Here at ZEISS, we certainly can! As the pioneer of science, ZEISS handles the ever-changing environments in a fast-paced world, meeting it with cutting edge technologies and continuous advancements. ZEISS believes that innovation and technology are the key to a sustainable future and solutions for global change. We have a diverse range of portfolios throughout the ZEISS family in segments like Industrial Quality & Research, Medical Technology, Consumer Markets and Semiconductor Manufacturing Technology. We are a global company with over 42,000 employees and have over 4,000 in the US and Canada alone! Make a difference, come join the team!
What’s the role?
The Vice President of Learning and Development is responsible for creating and executing strategies that enhance employee skills, leadership capabilities, and organizational performance. This role oversees the design, implementation, and evaluation of learning programs aligned with the company’s goals, ensuring a culture of continuous development and innovation.
Sound Interesting?
Here’s what you’ll do:
Strategic Leadership
- Develop and implement a comprehensive learning and development strategy aligned with organizational goals and ZEISS's corporate values.
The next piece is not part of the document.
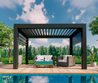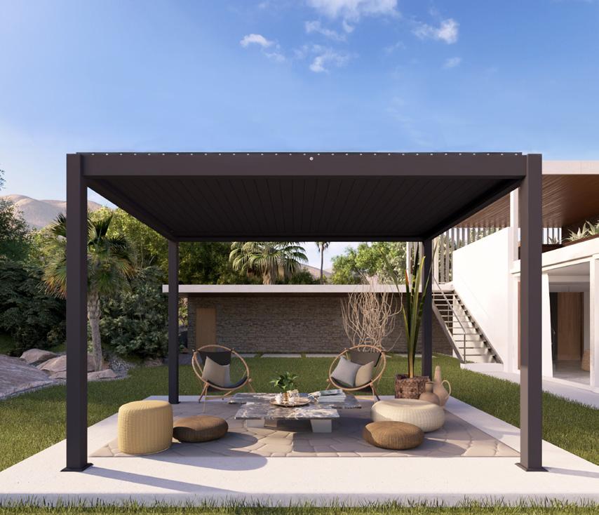 Fabricadas con una aleación premium de aluminio y magnesio de titanio, combinan alta resistencia y durabilidad con un diseño moderno y un techo de lamas orientables que permite regular la entrada de luz y protegerte de la lluvia o el viento, creando un ambiente cómodo y agradable en todo momento.

- Collaborate with senior leadership to identify skill gaps and future workforce needs.
- Drive innovation in learning methodologies, leveraging technology and best practices.
Program Development
- Design and oversee leadership development programs to build a strong pipeline of future leaders.
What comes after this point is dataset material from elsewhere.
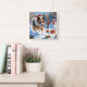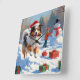 Relógio Quadrado Shetland Sheepdog Correndo Neve Com Chapéu De Nata

- Implement training initiatives to support employee growth, technical expertise, and compliance requirements.
- Ensure programs address diversity, equity, and inclusion (DEI) to foster an inclusive workplace.
Operational Oversight
- Manage the Learning and Development team, ensuring alignment with organizational priorities.
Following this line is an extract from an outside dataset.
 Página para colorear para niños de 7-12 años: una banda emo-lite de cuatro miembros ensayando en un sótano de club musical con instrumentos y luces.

- Oversee budgets, vendor relationships, and resource allocation for training initiatives.
- Measure the effectiveness of learning programs through KPIs, feedback, and ROI analysis.
Change Management
- Lead efforts to embed a culture of continuous learning and adaptability across the organization.
- Support employees and leaders in navigating organizational changes through targeted training and development.
Stakeholder Engagement
- Partner with HR, business leaders, and external vendors to deliver impactful learning solutions.
- Communicate the value of learning initiatives to stakeholders and secure buy-in.
- Review tracking of medical equipment if applicable (e.g., according to FDA requirements).
- Completely assigned new on-boarding hire activities in particular product certifications.
- Ensure all experience/show rooms are kept in running order, enabled for remote and in-person demos working in cooperation with leadership of VTS Support Team.
- Will adhere to all expense rules and complete report as expenses require.
Travel: 30% to 65%
Environment is fast paced with rapidly changing priorities. Works in different locations on a day-to-day basis including home, office, customer sites and a variety of transportation hubs and vehicles. Prolonged sitting, standing and use of a computer and phone. Working additional hours on short notice, including weekends, may be required.
Do you qualify?
- Bachelor’s degree required; Master’s degree preferred.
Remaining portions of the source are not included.